Vatican officials want to hear in person why Brothers of Charity board members insist on allowing the euthanasia

The Vatican is planning to summon members of a Belgian nursing order to Rome to explain why they are refusing to ditch a policy which allows doctors to kill psychiatric patients in Church-run homes.

Senior Vatican officials want to hear in person why board members of the Organisation of the Brothers of Charity insist on allowing the euthanasia of non-terminally ill patients in the face of a top-level order to reverse the policy.

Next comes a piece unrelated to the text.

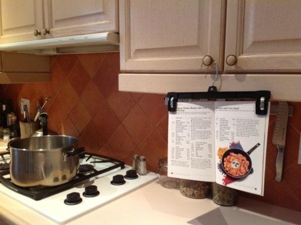 Используя вешалку для брюк, вы можете подпереть книгу рецептов для удобного чтения во время работы на кухне. Вешалка позволит вам просто повесить рецепт в любом месте, где вы работаете, тем самым оставив руки свободными, чтобы сосредоточиться на приготовлении блюда. Кто сказал, что готовить трудно?

With the backing of Pope Francis, the Vatican has demanded that the organisation drops the policy because it is starkly at odds with the teaching of the Catholic Church on the sanctity of human life.

But two weeks ago, the organisation publicly rejected an ultimatum to conform to the wishes of the Vatican with one board member, Herman van Rompuy, a former president of the European Council, proclaiming on Twitter that “the time of ‘Roma locuta causa finita’ is long past”.

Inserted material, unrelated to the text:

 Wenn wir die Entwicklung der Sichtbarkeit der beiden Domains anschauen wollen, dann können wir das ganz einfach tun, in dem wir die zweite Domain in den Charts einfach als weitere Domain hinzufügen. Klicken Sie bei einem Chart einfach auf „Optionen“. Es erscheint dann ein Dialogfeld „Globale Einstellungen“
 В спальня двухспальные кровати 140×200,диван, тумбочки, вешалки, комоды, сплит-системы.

Brother René Stockman, the superior general of the Brothers of Charity who vigorously opposes the pro-euthanasia policy, told the Catholic Herald that the invitation to the Vatican represented the organisation’s last chance to conform to the wishes of the Church.

“The Organisation of the Brothers of Charity shall be invited by the Vatican to come and explain the taken decision, after which a final decision shall be taken,” he said.

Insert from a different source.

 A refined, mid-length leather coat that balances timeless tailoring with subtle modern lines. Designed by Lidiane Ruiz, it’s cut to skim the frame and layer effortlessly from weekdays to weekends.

“With this is given to the Organisation of the Brothers of Charity in Belgium an ultimate chance to set themselves in line with the doctrine of the Catholic Church.”

The Vatican, he said, is not willing to compromise on its own position and that it will in no way amend “its initial request in line with the doctrine of the Church to respect the life in all conditions absolutely”.

The Vatican had initially demanded that the Brothers of Charity, which runs 15 centres for psychiatric patients across Belgium, had to reverse its policy, adopted in the spring, by the end of August.

Brothers who serve on the board must also each sign a joint letter to their superior general declaring that they “fully support the vision of the Magisterium of the Catholic Church which has always confirmed that human life must be respected and protected in absolute terms from the moment of conception till its natural end”.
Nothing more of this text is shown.